Work request ▸ In the entries that follow, repeat exactly the lines from the one that has "Добрый день, дорогие" through the one that has "Studija Roseberry Studios", but omit pictures.

□ □ □ □

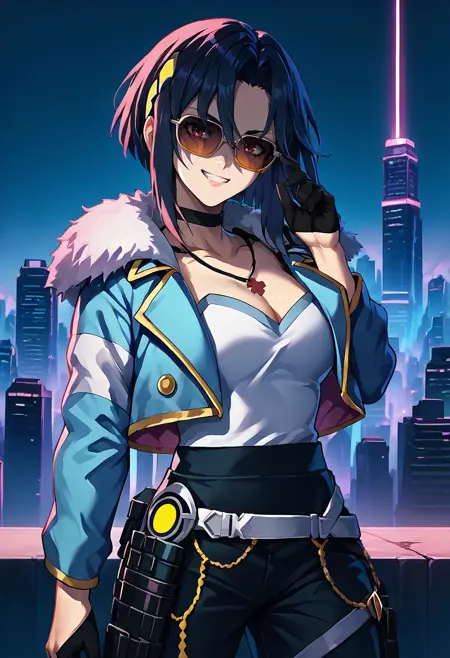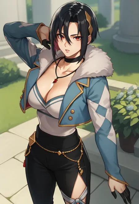 Somniel 옷차림: casNel, 단발, 눈 사이의 머리카락, 가슴 부분 절개, 큰 가슴, 보석, 검은 장갑, 초커, 목걸이, 검은 초커, 검은 바지, 파란색 재킷, 짧은 재킷, 긴 소매, 털 장식이 있는 재킷, 반장갑, 옷 절개부
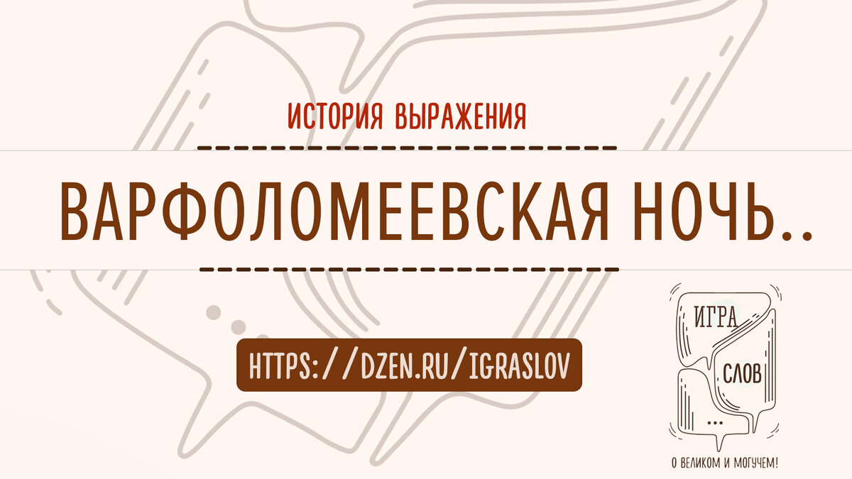 Добрый день, дорогие читатели! В нашем прекрасном языке огромное многообразие идеом (от греческого «идиос», которое означает «странный», «необыкновенный») - устойчивых выражений и фразеологических сращений слов, которые приобретают совершенно необыкновенный смысл. Многие мы знаем и употребляем в речи, но не всегда верно по смыслу и чаще всего не задумываемся об их происхождении. Надеемся вам также как и нам будет интересно разобраться и открыть для себя историю и смысл некоторых на канале о великом и могучем русском языке «ИГРА СЛОВ». ИСТОРИЯ ВЫРАЖЕНИЯ «ВАРФОЛОМЕЕВСКАЯ НОЧЬ» Это выражение связано уже не со сказкой и не библейскими сказаниями, а со страшной былью, которая действительно произошла в 16 веке во Франции. В ночь на праздник святого Варфоломея, с 23 на 24 августа 1572 года, в Париже по приказу церкви и короля изменническим образом было убито несколько тысяч «еретиков» гугенотов, сторонников преобразования католической церкви. Массовое убийство гугенотов-протестантов в Париже
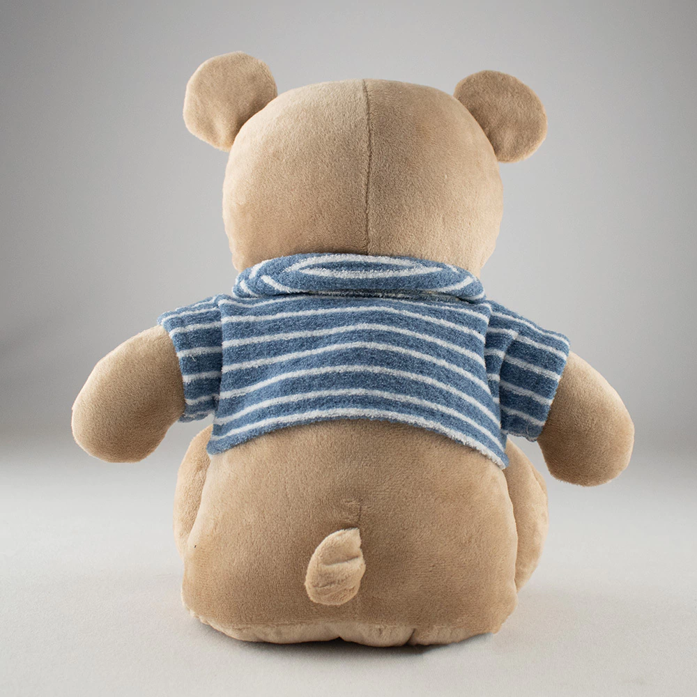 Características Principais: Um companheiro fofinho que transmite ternura em cada detalhe! Este ursinho de pelúcia vem vestido com uma charmosa camiseta listrada azul e branca, trazendo um toque moderno e cheio de estilo. Seu detalhe na sobrancelha dá ainda mais personalidade e expressividade, tornando-o único e especial. Macio e aconchegante, é perfeito para abraços apertados e para decorar o quartinho do bebê com muito encanto.
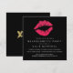 Invite your best girls to party it up with the bride-to-be with these chic bachelorette party invitations! Rounded square cards feature a black background with a pink lipstick kiss print and modern, minimalist white text. Reverse side shows "XOXO" in faux gold brushstroke typography.
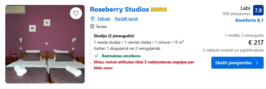 Studija Roseberry Studios uz 7 naktīm – 217 EUR.
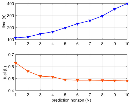To evaluate the computational burden under different prediction horizon of the MPC, numerous simulations are conducted, and the results are illustrated in Figure 13. For the driving cycle with 1400 s, the computational time is acceptable and to balance the computational burden and the fuel efficiency, and the prediction horizon is set to 5 in this paper.

□ □ □ □

Result of this exercise ▸
 Добрый день, дорогие читатели! В нашем прекрасном языке огромное многообразие идеом (от греческого «идиос», которое означает «странный», «необыкновенный») - устойчивых выражений и фразеологических сращений слов, которые приобретают совершенно необыкновенный смысл. Многие мы знаем и употребляем в речи, но не всегда верно по смыслу и чаще всего не задумываемся об их происхождении. Надеемся вам также как и нам будет интересно разобраться и открыть для себя историю и смысл некоторых на канале о великом и могучем русском языке «ИГРА СЛОВ». ИСТОРИЯ ВЫРАЖЕНИЯ «ВАРФОЛОМЕЕВСКАЯ НОЧЬ» Это выражение связано уже не со сказкой и не библейскими сказаниями, а со страшной былью, которая действительно произошла в 16 веке во Франции. В ночь на праздник святого Варфоломея, с 23 на 24 августа 1572 года, в Париже по приказу церкви и короля изменническим образом было убито несколько тысяч «еретиков» гугенотов, сторонников преобразования католической церкви. Массовое убийство гугенотов-протестантов в Париже
 Características Principais: Um companheiro fofinho que transmite ternura em cada detalhe! Este ursinho de pelúcia vem vestido com uma charmosa camiseta listrada azul e branca, trazendo um toque moderno e cheio de estilo. Seu detalhe na sobrancelha dá ainda mais personalidade e expressividade, tornando-o único e especial. Macio e aconchegante, é perfeito para abraços apertados e para decorar o quartinho do bebê com muito encanto.
 Invite your best girls to party it up with the bride-to-be with these chic bachelorette party invitations! Rounded square cards feature a black background with a pink lipstick kiss print and modern, minimalist white text. Reverse side shows "XOXO" in faux gold brushstroke typography.
 Studija Roseberry Studios uz 7 naktīm – 217 EUR.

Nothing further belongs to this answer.